## Task to carry out
Starting at the line below with "Die Anzahl der Einstellungselemente" and stopping at the line with "Cenaze namazı öncesi", please print each line exactly, those two included, and skip every picture.

## Input records
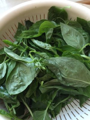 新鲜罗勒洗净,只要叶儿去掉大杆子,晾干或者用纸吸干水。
* * *
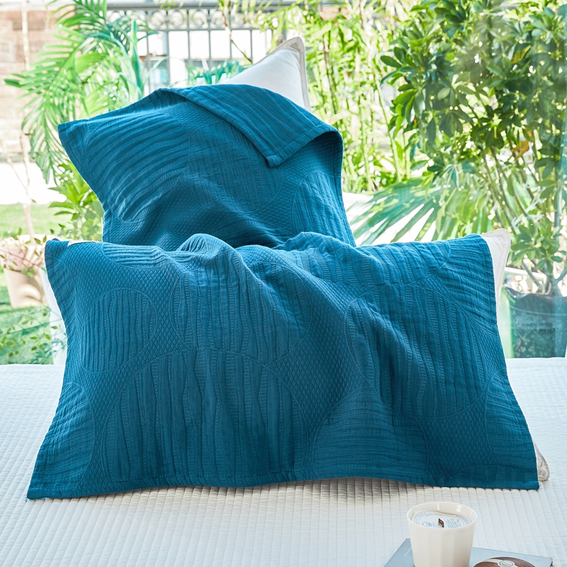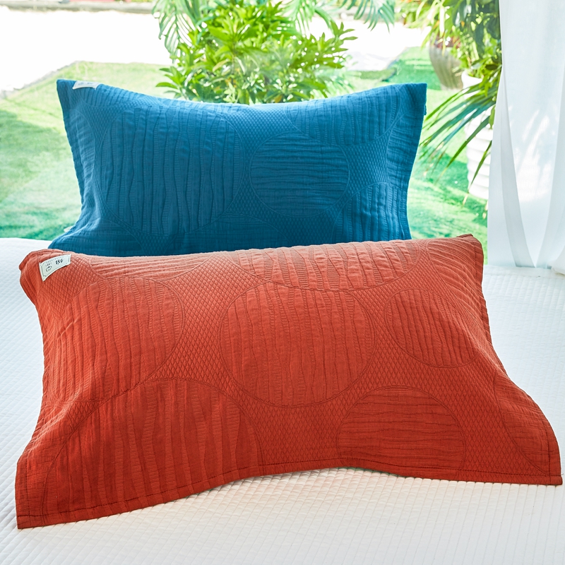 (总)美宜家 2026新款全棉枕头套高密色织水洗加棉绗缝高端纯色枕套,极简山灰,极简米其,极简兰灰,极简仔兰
==
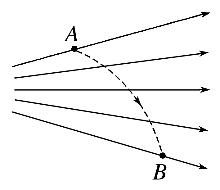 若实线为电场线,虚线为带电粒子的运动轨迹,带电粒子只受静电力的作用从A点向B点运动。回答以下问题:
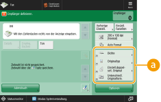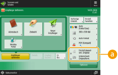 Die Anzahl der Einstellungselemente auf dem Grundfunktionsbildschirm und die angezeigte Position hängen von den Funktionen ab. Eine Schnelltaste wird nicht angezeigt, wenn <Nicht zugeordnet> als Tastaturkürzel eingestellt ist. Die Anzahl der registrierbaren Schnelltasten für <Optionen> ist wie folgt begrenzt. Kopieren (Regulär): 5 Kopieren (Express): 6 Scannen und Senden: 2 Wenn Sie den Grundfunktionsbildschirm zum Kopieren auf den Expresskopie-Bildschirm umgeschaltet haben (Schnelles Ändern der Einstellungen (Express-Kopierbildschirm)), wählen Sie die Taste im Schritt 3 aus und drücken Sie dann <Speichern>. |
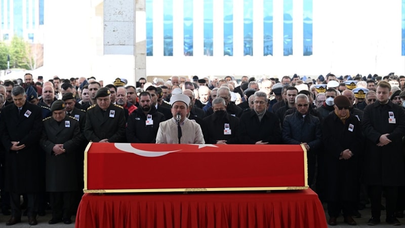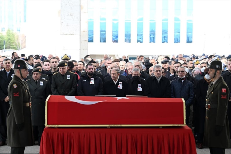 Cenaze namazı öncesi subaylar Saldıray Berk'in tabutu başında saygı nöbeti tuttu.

## Written reply
 Die Anzahl der Einstellungselemente auf dem Grundfunktionsbildschirm und die angezeigte Position hängen von den Funktionen ab. Eine Schnelltaste wird nicht angezeigt, wenn <Nicht zugeordnet> als Tastaturkürzel eingestellt ist. Die Anzahl der registrierbaren Schnelltasten für <Optionen> ist wie folgt begrenzt. Kopieren (Regulär): 5 Kopieren (Express): 6 Scannen und Senden: 2 Wenn Sie den Grundfunktionsbildschirm zum Kopieren auf den Expresskopie-Bildschirm umgeschaltet haben (Schnelles Ändern der Einstellungen (Express-Kopierbildschirm)), wählen Sie die Taste im Schritt 3 aus und drücken Sie dann <Speichern>. |
 Cenaze namazı öncesi subaylar Saldıray Berk'in tabutu başında saygı nöbeti tuttu.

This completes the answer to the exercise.